8. General Troubleshooting Command Reference
# View status of all control plane components
kubectl get pods -n kube-system
# View component logs (latest 50 lines)
kubectl logs -n kube-system <pod-name> --tail=50
# View component events
kubectl get events -n kube-system --sort-by='.lastTimestamp'
# View control plane component configuration
kubectl get pods -n kube-system <pod-name> -o yaml
# Check the static Pod directory on the master node
ls -la /etc/kubernetes/manifests/
9. Exam Key Points
- Control plane components are static Pods, configured under
/etc/kubernetes/manifests/ kubectl deleteon static Pods does not delete them; kubelet recreates them automatically- etcd health check uses
etcdctl endpoint health - The etcd endpoint is typically
https://127.0.0.1:2379 - etcd certificate path:
/etc/kubernetes/pki/etcd/ - When API Server is unavailable, check static Pod configuration and kubelet logs
- Common CKA exam issues: incorrect certificate paths, incorrect etcd endpoint addresses
🧪 Complete Hands-on Example: Troubleshoot API Server Failure
Scenario Description
The API Server is responding abnormally, and kubectl commands are not working. Walk through the troubleshooting process from checking control plane Pod status, static Pod configuration, and etcd health checks to full recovery.
Prerequisites
- A cluster with a Master node
- SSH access to the Master node
kubeadmtool available on the Master node
Steps
Step 1: Detect API Server anomaly
kubectl get nodes
# The connection to the server <master-ip>:6443 was refused - did you specify the right host or port?
# API Server is completely unavailable
Step 2: SSH to the Master node and check control plane Pods
ssh master-node
# Use containerd to directly view container status (since kubectl is unavailable)
crictl ps | grep apiserver
# If no output, the API Server container is not running
# Check all kube-system containers
crictl ps -a | grep -E "apiserver|scheduler|controller|etcd"

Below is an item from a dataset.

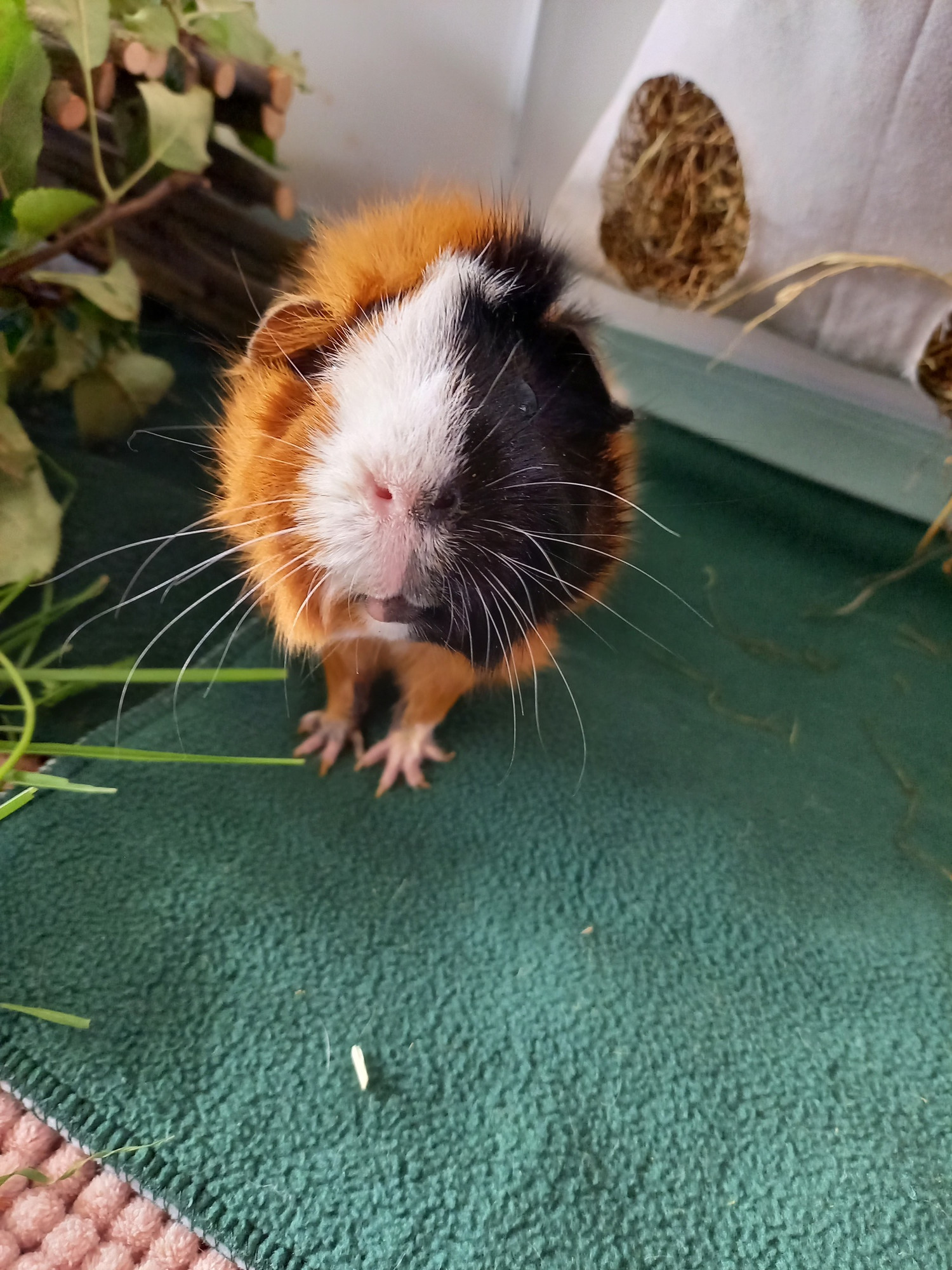 ...nachdem er sich davon erholt hatte, war er 1,5 Jahre Leihschweinchen für einen einsamen Bock, und durfte nun bei uns in sein für-immer-zuhause einziehen. Er ist supermutig und lässt sich schon nach 3 Tagen aus der Hand füttern und unterm Kinn kraulen

# CONTAINER ID IMAGE CREATED STATUS NAME
# ... ... 10m ago Exited kube-apiserver
Step 3: Check the static Pod configuration file
ls -la /etc/kubernetes/manifests/
# total 16
# -rw------- 1 root root 2153 May 27 09:00 kube-apiserver.yaml
# -rw------- 1 root root 2000 May 27 09:00 kube-controller-manager.yaml
# -rw------- 1 root root 1585 May 27 09:00 kube-scheduler.yaml
# -rw------- 1 root root 1466 May 27 09:00 etcd.yaml
# Inspect API Server configuration (look for common configuration errors)
cat /etc/kubernetes/manifests/kube-apiserver.yaml
# Focus on:
# - --etcd-servers: Is the address correct?
# - --tls-cert-file / --tls-private-key-file: Do the certificate paths exist?
# - --service-cluster-ip-range: Is it valid?
Step 4: View kubelet logs to get API Server startup errors
sudo journalctl -u kubelet -n 50 --no-pager
# May 27 10:00:00 master-node kubelet[1234]: E1001 10:00:00.123456 1234 kubelet.go:1234] "Error syncing pod, skipping" err="failed to \"StartContainer\" for \"kube-apiserver\" with CrashLoopBackOff: ..."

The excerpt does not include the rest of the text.